Камаэль
Шрифт:
Разворачиваюсь и позволяю когтям пройтись в опасной близости от его лица:
– Я тебя ненавижу, Виктор! Какого чёрта ты сюда явился?!
“За что?.. За что, боги?
– кричал я в мыслях, позволяя наконец отодрать себя от Элериона и забиваясь в объятия брата.
– Аэльамтаэр, Элерион, кто дальше? Кто?!” Кровь остывала на теле создания, которое я обещал оберегать, которое должен был спасти от всех напастей, от всего ужаса этой войны. Я обещал его брату, что спасу Элериона от Джинджера, и не спас от Виктора.
– Ты убил Элериона, - тихо шепчу я, позволяя вампиру увести себя из комнаты, стараясь не оглядываться на ангела с мёртвыми глазами, полными ужаса и непонимания.

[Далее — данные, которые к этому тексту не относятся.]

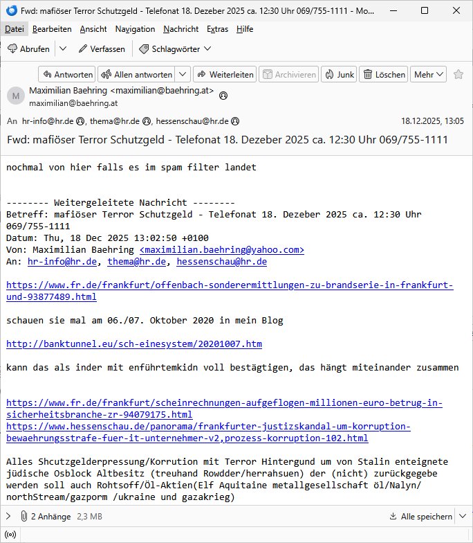 19.12.2025 04:30 -------- Nachricht -------- Betreff: Fwd: mafiöser Terror Schutzgeld - Telefonat 18. Dezeber 2025 ca. 12:30 Uhr 069/755-1111 Datum: Thu, 18 Dec 2025 13:05:40 +0100 Von: Maximilian Baehring <maximilian@baehring.at> An: hr-info@hr.de, thema@hr.de, hessenschau@hr.de nochmal von hier falls es im spam filter landet -------- Weitergeleitete Nachricht -------- Betreff: mafiöser Terror Schutzgeld - Telefonat 18. Dezeber 2025 ca. 12:30 Uhr 069/755-1111 Datum: Thu, 18 Dec 2025 13:02:50 +0100 Von: Maximilian Baehring <maximilian.baehring@***> An: hr-info@hr.de, thema@hr.de, hessenschau@hr.de https://www.fr.de/frankfurt/offenbach-sonderermittlungen-zu-brandserie-in-frankfurt-und-93877489.html schauen sie mal am 06./07. Oktober 2020 in mein Blog http://banktunnel.eu/sch-einesystem/20201007.htm kann das als inder mit enführtemkidn voll bestägtigen, das hängt miteinander zusammen https://www.fr.de/frankfurt/scheinrechnungen-aufgeflogen-millionen-euro-betrug-in-sicherheitsbranche-zr-94079175.html https://www.hessenschau.de/panorama/frankfurter-justizskandal-um-korruption-bewaehrungsstrafe-fuer-it-unternehmer-v2,prozess-korruption-102.html Alles Shcutzgelderpressung/Korrution mit Terror Hintergund um von Stalin enteignete jüdische Osblock Altbesitz (treuhand Rowdder/herrahsuen) der (nicht) zurückgegebe werden soll auch Rohtsoff/Öl-Aktien(Elf Aquitaine metallgesellschaft öl/Nalyn/northStream/gazporm /ukraine und gazakrieg) siehe V(ideb)log http://tiktok.maximilian.baehring.at/ oder http:s//facebook.com/maximilian.baehring.9/ http://banktunnel.eu/sch-einesystem/20251218.htm ([1] auch als PDF-Datei (sch-einesystem.168) ([2] zum download unter http://banktunnel.eu/pdf.php #herrhausen#RAFterror#badHomburg#zentralBank http://blog.sch-einesystem.de/ oder https://zentral-bank.eu/tumblr.com/ http://bad-homburg.eu/download/ --- [1] URL-Format http://banktunnel.eu/sch-einesystem/YYYYMMDD.htm YYYY = Year/Jahr, MM = Month/Monat, DD = Day/Tag [2] URL-Format http://banktunnel.eu/tumblr.com/sch-einesystem.###.pdf ### = fortaulfene, seit 84 monatlich um 1 erhöhte Nummer wahlweise als PDF oder HTML Datei, auch per HTTPS (SSL) https://zentral-bank.eu/tumblr.com/sch-einesystem.###.htm === https://www.fr.de/frankfurt/scheinrechnungen-aufgeflogen-millionen-euro-betrug-in-sicherheitsbranche-zr-94079175.html https://www.hessenschau.de/panorama/festnahmen-nach-explosion-vor-shisha-bar-in-offenbach-v3,offenbach-explosion-102.html https://www.hessenschau.de/panorama/explosionen-und-brandanschlaege-im-rhein-main-gebiet-polizei-ermittelt-in-neun-faellen-v3,brandanschlaege-serie-rhein-main-100.html https://www.hessenschau.de/panorama/frankfurter-justizskandal-um-korruption-bewaehrungsstrafe-fuer-it-unternehmer-v2,prozess-korruption-102.html === -------- Nachricht -------- Betreff: Fwd: mafiöser Terror Schutzgeld - Telefonat 18. Dezeber 2025 ca. 12:30 Uhr 069/755-1111 Datum: Thu, 18 Dec 2025 13:04:10 +0100 Von: webmaster@zentral-bank.eu <webmaster@zentral-bank.eu> An: hr-info@hr.de, thema@hr.de, hessenschau@hr.de -------- Weitergeleitete Nachricht -------- Betreff: mafiöser Terror Schutzgeld - Telefonat 18. Dezeber 2025 ca. 12:30 Uhr 069/755-1111 Datum: Thu, 18 Dec 2025 13:02:50 +0100 Von: Maximilian Baehring <maximilian.baehring@yahoo.com> An: hr-info@hr.de, thema@hr.de, hessenschau@hr.de [...] === Datum Name / Rufnummer Dauer (hh:mm) 18.12.25 12:32 0691551111 0:15 18.12.25 12:26 0692578290 0:01 [0] "202512190430-0-1.jpg" [1] "202512190430-0-2.jpg" [2] "202512190430-0-3.jpg" [3] "202512190430-0-4.jpg" [4] "202512190430-0-5.jpg" [5] "202512190430-0-6.jpg" [6] "202512190430-0-7.jpg" |

– Того, которого просил спасти Габриэль.
– Что?
– брат был сосредоточен на том, чтобы вывести нас из этого дома незаметно, а потому не сразу понял, в чём дело, а затем замер и вскинул на меня взгляд.
– Это… этот… Элерион?
– Был, - сухо говорю я, чувствуя, как раскалывается печать, что ещё немного - и я скажу Павшему роковое “да”.
–
Он открыл рот, зло нахмурился, а затем пришли они. Раздался вой, от которого у меня по телу пошли судороги, по ушам точно ударили громчайшей музыкой. Набатом. Смехом Дьявола. Виктор распахнул глаза, всучил мне в руки рюкзак, а сам подхватил меня на руки и кинулся дальше по коридору, стараясь успеть, обогнать время. Внизу, на первом этаже, раздавались рычание и вопли - разъярённые, боевые или полные боли и ужаса, вопли раздираемых на клочки созданий. Виктор поставил меня на ноги перед одной из открытых дверей и крепко поцеловал губы:
– Уходи сейчас же, Льюис. Мы разберёмся с ликантропами и догоним тебя. А ты беги со всех ног. Ты почувствуешь Туннель - я обещаю. Иди, малыш.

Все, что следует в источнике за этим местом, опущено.